Tout autant que d’un dédoublement de la vie (entre celle qui n’en mérite pas d’être vécue et celle à la quelle on songe) il s’agit d’un dédoublement entre, d’un côté, la lutte en tant que lutte pour une vie digne d’être vécue et, d’un autre côté, une lutte qui revient en propre à la vie digne d’être vécue. Pareil dédoublement de la vie tout autant que de la lutte, explique peut-être, que la lutte ne relève d’aucan champ clos, mais qui bien au contraire, elle y induit même le décloissonement de tout ensemble constitué. La lutte est partout parce-qu’elle est menée depuis ce qui la justifie au-délà de la vie, c’est-à-dire davantage, le fait que celle-ci ne mérite pas d’être vécue.

Bien que cette exteriorité de la lutte par rapport au champ clos des institutions puisse être expliquée par le biais de l’inanité de celles-ci, il n’en reste pas moins que l’on se pose la question de ce qui fait l’unité, sinon d’action, du moins d’effet qui, au bout de 14 ans, mène à la fin du legs pinochetiste au Chili. La question serait, par rapport aux apories envisagées tout au début, comment des lieux publiques tels que places et rues, rond-points, etc. arrivent à se substituer à la lutte menée depuis des champs reglès par un tout social. Pour envisager une réponse à cette question, il faudrait peut-être prendre en compte que ces lieux publiques pris en charge par la révolte se trouvent, à leur tour, repris en tant qu’espaces médiatiques. C’est en effet, depuis la résonance des réseaux médiatiques qui s’enchaînent les uns avec les autres, que ces occupations gagnent un efficacité politique redoutable, du fait même de leur absence de sens en tant qu’expression d’une branche singulière de l’activité organisé dans le social.

On pourrait se poser la question du rapport entre cet espace médiatique et la médiation. Or, ce rapport, à ce qu’il me semble, n’existe plus. En effet, ainsi que l’a exprimé Roberto Igarza, les “noveaux média” engagent “La mediatisation du sens et la médiation des interactions”. Pourtant, un sens “mediatisé” devient d’emblée un sens coupé du lien primitif du social, tandis que une fois menées depuis des médiations, les interactions restent bien en marge des rapports développés entre les particuliers.

Peut-être il faut bien considérer que dans la mesure où un artefact intervient comme condition du médiatique dans le social, cet artefact introduit d’avec le genre de rapport qu’il induit entre les uns et les autres, ce que Derrida a appellé “Mal d’archive”. Or, ce mal provient, d’un côté, du fait que tout archive est archivolitique, ou encore, pour revenir au mot de Derrida, “il met en risque ce qu’il sauve”. Une fois confiée à un support, la mémoire relève de la nature elle-même. Mais d’un autre côté ce Mal d’archive engage, d’après Derrida, également le sens qui prend en français l’expression “être en mal de”, c’est-à-dire, être épris d’une passion.

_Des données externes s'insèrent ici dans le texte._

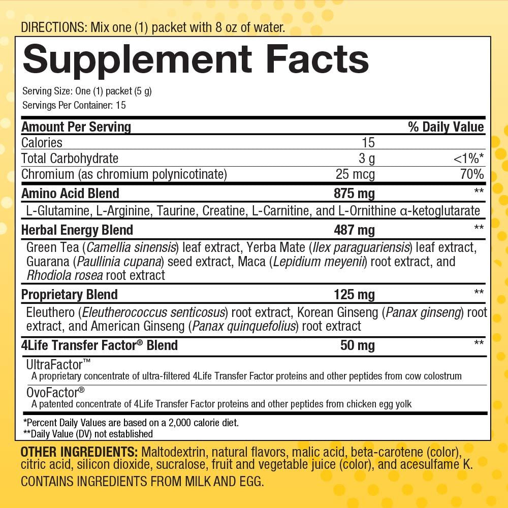 Energy supplement in ready-to-mix powder packs that combines pineapple, passion fruit, and mango flavors

Depuis ce double tranchant du Mal d’archive, celui-ci se dédouble entre le fait de se trouver separé de soi en soi-même (car on peut-comprendre, comme le dit Derrida, que “le sens archivable commence à l’imprimante”), car c’est à l’efficace de l’artefact que l’on s’en remet, pour obtenir l’archive d’un sens qui relève de ce celui qu’on appelle “l’auteur”. Or, ce même auteur se retrouve épris de passion pour retrouver, consigné dans le texte eventuellement imprimé, ce qu’il vient de lui assigner moyennant la machine elle-même.

L’espace médiatique des lieux publiques est tout d’abord un espace pris par la médiatisation générale de la société. Cette médiatisation passe par l’artefact (en ce qui concerne les lieux publiques, par exemple, par un média comme Google Earth) et de ce fait, la division d’avec soi du Mal d’archive derridien s’en tire d’affaire, en ce qui concerne l’explication de la structure artefactuelle du social. Or, celle-ci est incarnée également, par tous ceux qui s’emparent des lieux publiques pour déconstruire de leur lutte pour une vie digne d’être vécue, la vie qu’on leur vole par la voie des médias qui affichent la médiation, là où l’on n’en trouve, hélàs, que la mediatisation du grand nombre.